Итак, тайная Исповедь как целостное и разработанное чинопоследование постепенно оформилась в Византии лишь в IX столетии, когда появился чин Иоанна Монаха, вошедший в состав созданной в ту же эпоху первой редакции «Номоканона». Авторство «Номоканона» в научной литературе иногда приписывается святителю Иоанну Постнику, патриарху Константинопольскому (конец VI века), но на самом деле этот канонический сборник ему не принадлежит. Затем, в IX столетии, возникали еще и местные чины тайной Исповеди: например, чин Студийского монастыря, настоятелем которого был знаменитый преподобный Феодор Студит. Тем самым свое особое распространение тайная Исповедь получает в IX столетии – в после иконоборческий период – в монашеской среде. На Руси попеременно применялись два чина. До XII века Исповедь совершалась по Студийскому уставу, а затем, с XII века, – по уставу Иоанна Монаха.

Сегодняшний чин, который мы находим в современном русском Требнике, сформировался лишь в XVII веке. И как мы увидим далее, в этом чине – именно вследствие времени его окончательного сложения – во многом отразились черты латинского богословия.
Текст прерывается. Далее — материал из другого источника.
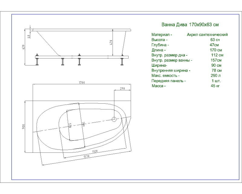 | Комплектация | ванна |
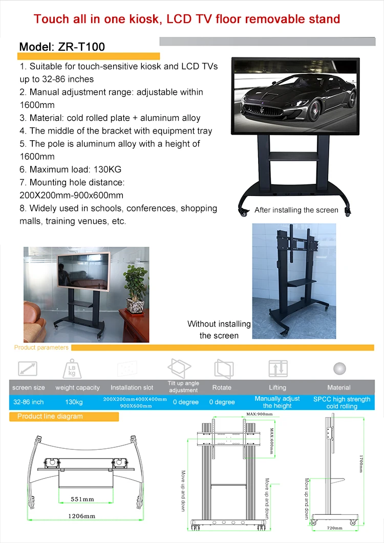 Panel size(mm) | 55'', 65'', 75'', 86'', 98''(optional) | Touch principle | IR Touch-Panel | |||

В древней Церкви, как и в некоторых современных Поместных Церквах, не всякий священник имел право исповедовать. Были священники, которым особым епископским благословением давалось право исповедовать приходящих к ним христиан. Это, конечно же, отнюдь не означает, что не всякий священник обладает благодатью исповедовать. Любой священник через рукоположение получает сакраментальную власть «вязать» и «решать» грехи. Это ограничение лишь значит, что некоторым священникам такое право давалось именно исходя из того, что они могли проявить себя как вдумчивые и опытные духовники. Потому что они прожили уже многие годы в священстве. Потому что они обладали большим опытом церковно-приходской или монастырской жизни. Потому что они были людьми добрыми, благочестивыми. Итак, далеко не всякий священник в древней Церкви получал от епископа право исповедовать.

Подобная же практика избирательного назначения священников совершать Таинство Исповеди существовала и в Древней Руси. В греческом же Требнике мы даже можем обнаружить специальное чинопоследование «егда творит архиерей духовника».

Теперь поговорим о порядке совершения Таинства Исповеди по нашему современному Требнику.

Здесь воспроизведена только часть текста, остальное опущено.